Então resolvi escalar nossa verdadeira seleção nacional. Não a da FIFA. A da FIAsca.
Porque, convenhamos, se corrupção, escândalo, cinismo institucional e teatro patriótico valessem pontos no placar… o Brasil já teria levantado a taça em umas cinco Copas seguidas.
A escalação
No gol, claro, Jair Bolsonaro. Não porque defenda bem, mas porque vive dizendo que sofreu ataque. Todo lance ele cai no chão, mais do que o Neymar, olha para o árbitro, reclama do sistema e jura que a urna estava impedida. É o único goleiro do mundo que toma gol e culpa o VAR venezuelano.

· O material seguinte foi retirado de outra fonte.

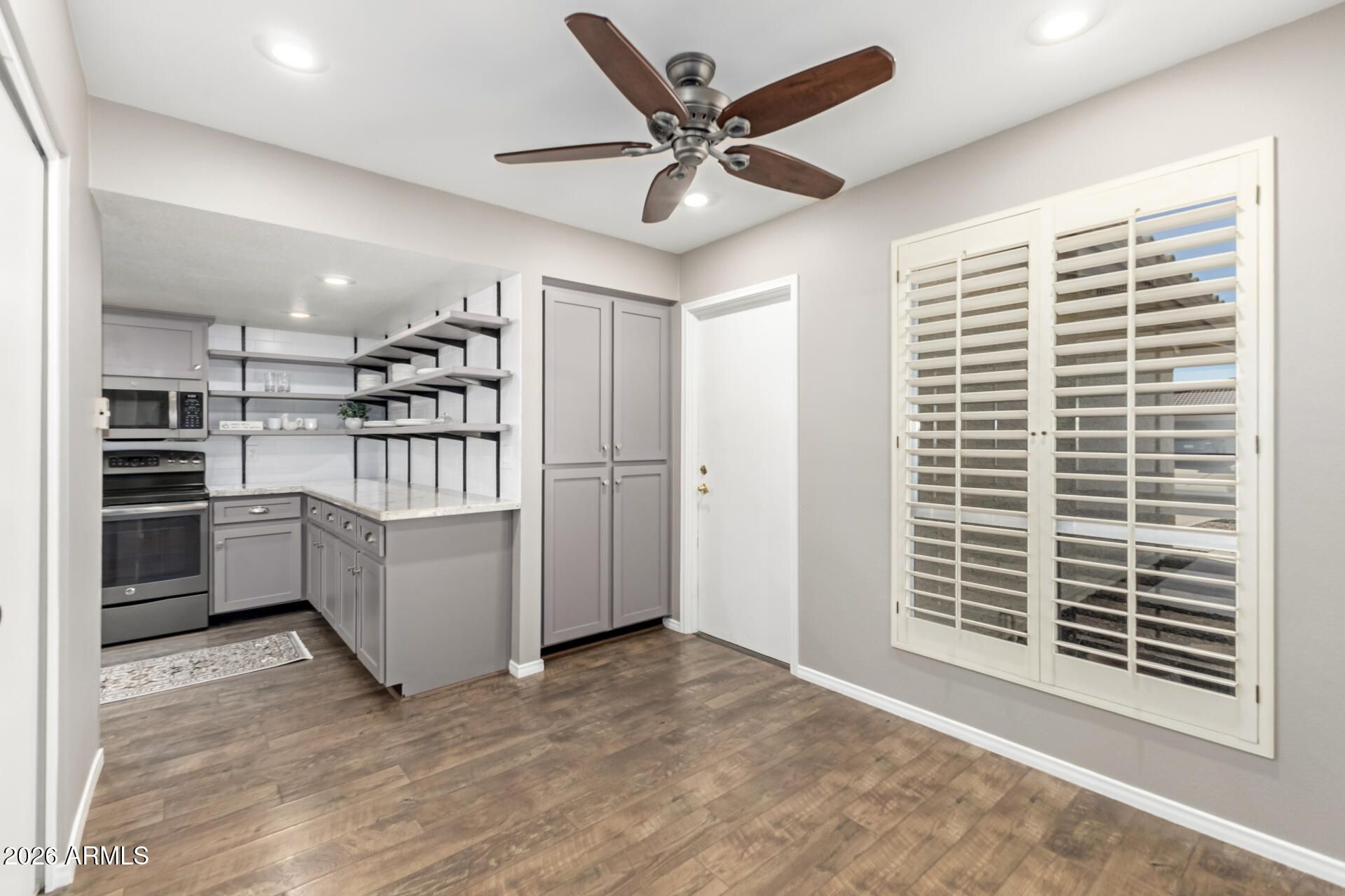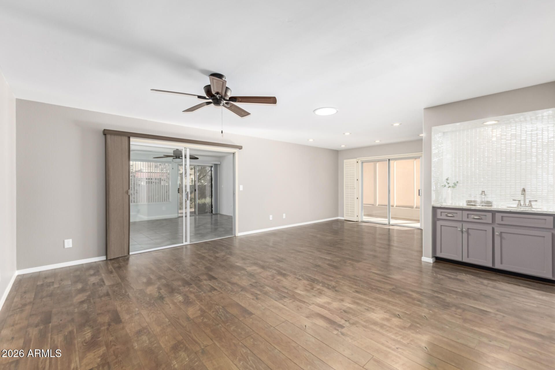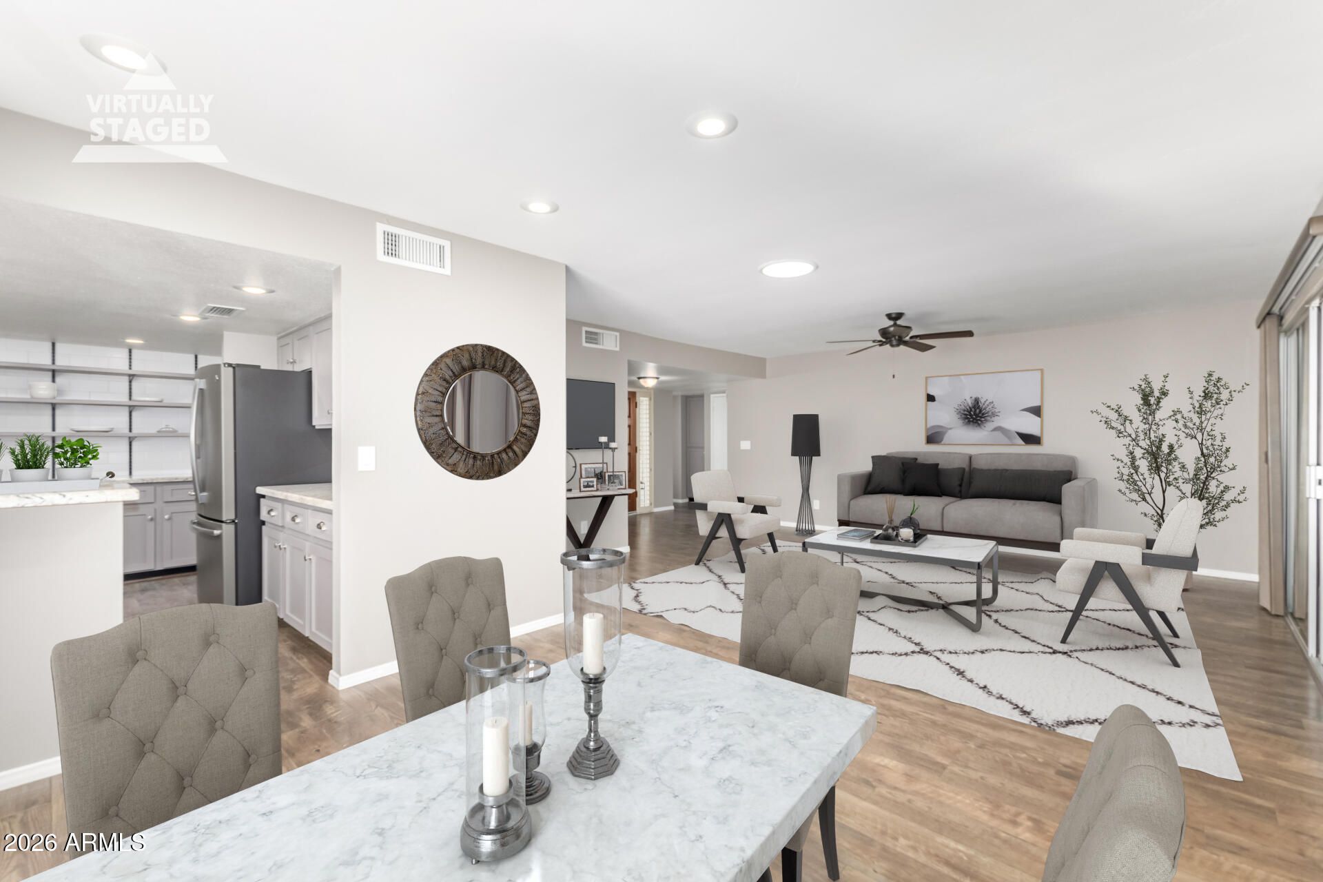 Your ideal retirement haven is here in the 55+ Sun Lakes! This charming 2-bedroom + bonus room property welcomes you w/ a lovely desert landscape & an inviting front patio. Inside, you'll find a tastefully updated home featuring a soft palette throughout, wood floors, gorgeous kitchen & guest bath all great for entertaining. You'll love the versatile den complete w/privacy door & closet. The open kitchen has SS appliances, granite counters, updated lighting, tile backsplash, shelving mixed in with shaker cabinets. The main bedroom boasts classic plantation shutters, soft carpeting, an ensuite w/ dual sinks, a make-up vanity, & a walk-in closet. Unwind on the screened-in patio, perfect for peaceful afternoons. The backyard includes an open patio for outdoor relaxation & sunshine!
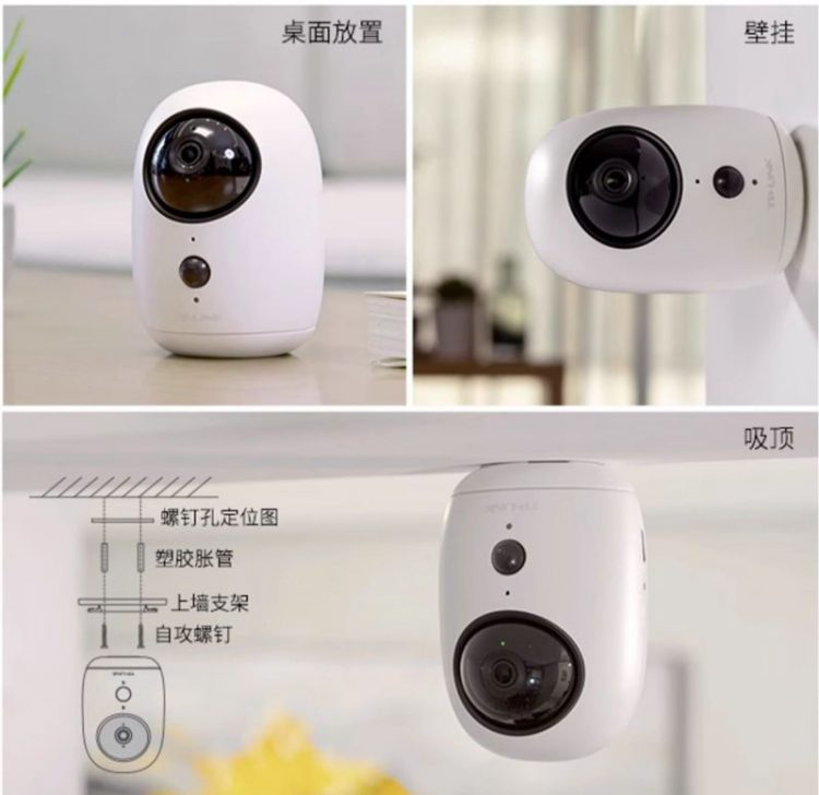 普联 TP-LINK 免插电摄像头内置 4G 流量,内置锂电,支持无线使用,一键开机便可拍摄,智能侦测,双向语音通话,用作家庭远程监控。

Na zaga vêm Flávio Bolsonaro e Carlos Bolsonaro. Uma dupla sólida. Um frequentemente associado, segundo investigações e reportagens, ao escândalo das rachadinhas; o outro acusado por críticos de operar uma espécie de gabinete digital de ataques políticos, o gabinete do ódio. Não marcam atacante nenhum, mas vigiam ministro do STF até no aquecimento.
Pela lateral direita entra Eduardo Bolsonaro, nosso especialista em relações internacionais. Está passando uma temporada na gringa para ver se aprende inglês direito: já sabe dizer “fake news”, “deep state” e “God bless America” com sotaque da Flórida. Sonha jogar na Champions League do trumpismo.
Pela direita vem Paulo Bilynskyj. Aquele jogador que entra duro em qualquer dividida ideológica. Não importa se a jogada é sobre educação, cultura ou vacina: ele chega de coturno, voadora e live no Instagram. Desfalque mesmo só na lateral esquerda. Afinal, ninguém da extrema direita sonharia jogar na esquerda.
No meio-campo temos Ciro Nogueira e Davi Alcolumbre, os verdadeiros maestros da seleção. Não correm muito, mas distribuem orçamento com precisão de lançamento do Zico. Jogam em qualquer governo. Se amanhã Fidel Castro voltasse montado num unicórnio, eles negociariam a presidência da comissão técnica até o intervalo.
Mais avançado vem Sergio Moro conhecido como Marreco. Começou a carreira como árbitro, depois vestiu a camisa de um time, expulsou metade do campeonato e acabou virando comentarista da própria partida. É o único volante do mundo que prende o centroavante e depois aceita emprego no clube adversário — pelo menos segundo a torcida rival.
Na armação entra Nikolas Ferreira. Um jogador moderno: corre pouco, mas viraliza muito. Não precisa tocar na bola. Aliás, ele nem sabe onde fica o gol do adversário. Basta uma frase de efeito, um corte para o TikTok e pronto: metade do estádio acredita que o escanteio comunista ameaça a família brasileira.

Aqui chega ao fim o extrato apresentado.